#### INFORMATION SHOWN

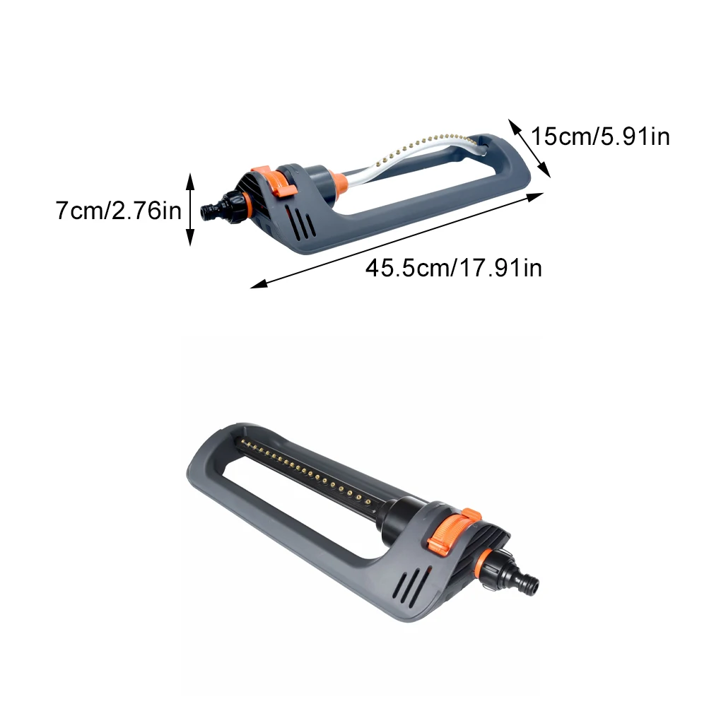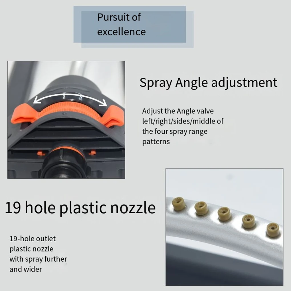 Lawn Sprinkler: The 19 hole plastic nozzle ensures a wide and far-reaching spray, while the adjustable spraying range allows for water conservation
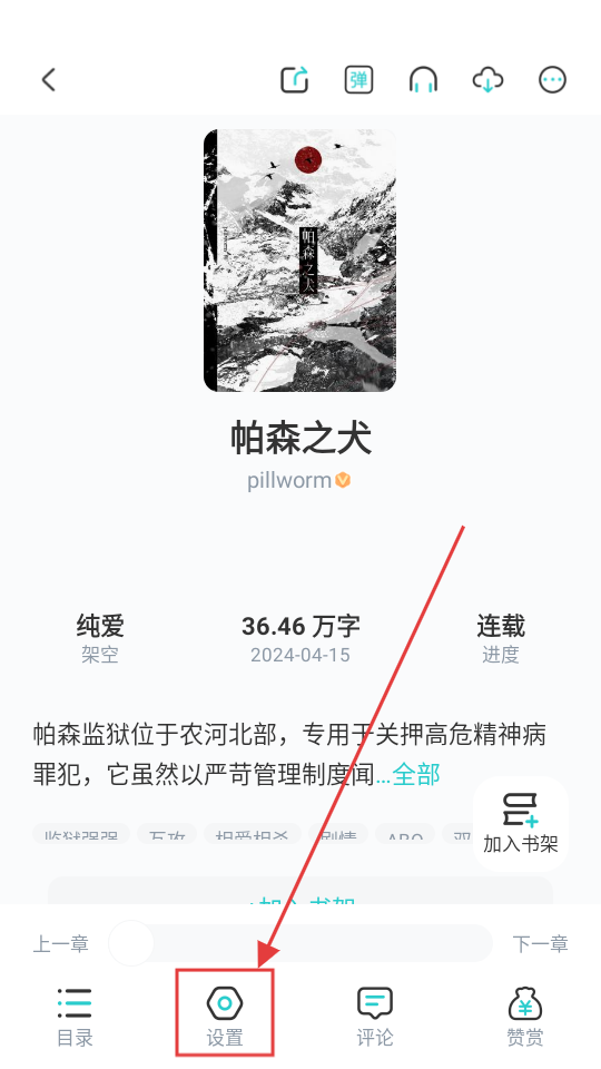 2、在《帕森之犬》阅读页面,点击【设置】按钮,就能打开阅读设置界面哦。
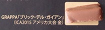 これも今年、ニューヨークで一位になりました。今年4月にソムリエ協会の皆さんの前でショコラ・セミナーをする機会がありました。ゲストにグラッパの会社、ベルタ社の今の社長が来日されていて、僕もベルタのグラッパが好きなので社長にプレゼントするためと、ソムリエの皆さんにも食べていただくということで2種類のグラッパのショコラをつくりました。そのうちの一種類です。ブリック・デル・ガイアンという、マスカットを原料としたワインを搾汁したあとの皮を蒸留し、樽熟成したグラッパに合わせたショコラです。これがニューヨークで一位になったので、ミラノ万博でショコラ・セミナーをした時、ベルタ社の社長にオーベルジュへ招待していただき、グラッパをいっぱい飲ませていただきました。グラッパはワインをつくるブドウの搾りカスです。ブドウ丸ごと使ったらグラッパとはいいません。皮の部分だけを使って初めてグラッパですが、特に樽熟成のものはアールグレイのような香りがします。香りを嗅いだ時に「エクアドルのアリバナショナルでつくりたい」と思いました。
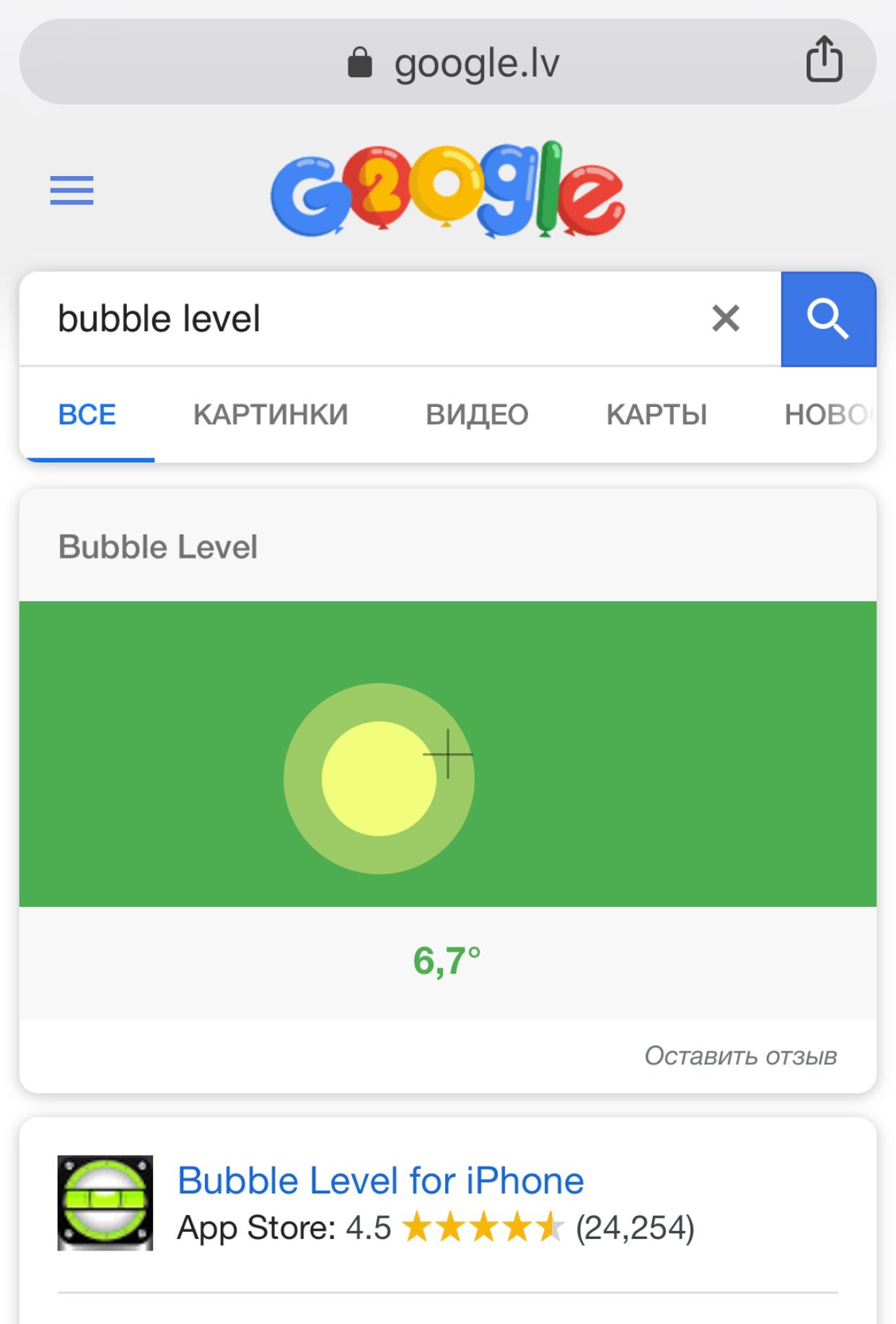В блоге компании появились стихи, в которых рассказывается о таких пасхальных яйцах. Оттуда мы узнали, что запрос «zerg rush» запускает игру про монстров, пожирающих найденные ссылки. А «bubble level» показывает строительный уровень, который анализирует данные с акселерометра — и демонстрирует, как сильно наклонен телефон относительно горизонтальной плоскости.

########

The whole listing above needs to be copied exactly; please keep the pictures out.

» **EXPECTED ANSWER**
 Lawn Sprinkler: The 19 hole plastic nozzle ensures a wide and far-reaching spray, while the adjustable spraying range allows for water conservation
 2、在《帕森之犬》阅读页面,点击【设置】按钮,就能打开阅读设置界面哦。
 これも今年、ニューヨークで一位になりました。今年4月にソムリエ協会の皆さんの前でショコラ・セミナーをする機会がありました。ゲストにグラッパの会社、ベルタ社の今の社長が来日されていて、僕もベルタのグラッパが好きなので社長にプレゼントするためと、ソムリエの皆さんにも食べていただくということで2種類のグラッパのショコラをつくりました。そのうちの一種類です。ブリック・デル・ガイアンという、マスカットを原料としたワインを搾汁したあとの皮を蒸留し、樽熟成したグラッパに合わせたショコラです。これがニューヨークで一位になったので、ミラノ万博でショコラ・セミナーをした時、ベルタ社の社長にオーベルジュへ招待していただき、グラッパをいっぱい飲ませていただきました。グラッパはワインをつくるブドウの搾りカスです。ブドウ丸ごと使ったらグラッパとはいいません。皮の部分だけを使って初めてグラッパですが、特に樽熟成のものはアールグレイのような香りがします。香りを嗅いだ時に「エクアドルのアリバナショナルでつくりたい」と思いました。
В блоге компании появились стихи, в которых рассказывается о таких пасхальных яйцах. Оттуда мы узнали, что запрос «zerg rush» запускает игру про монстров, пожирающих найденные ссылки. А «bubble level» показывает строительный уровень, который анализирует данные с акселерометра — и демонстрирует, как сильно наклонен телефон относительно горизонтальной плоскости.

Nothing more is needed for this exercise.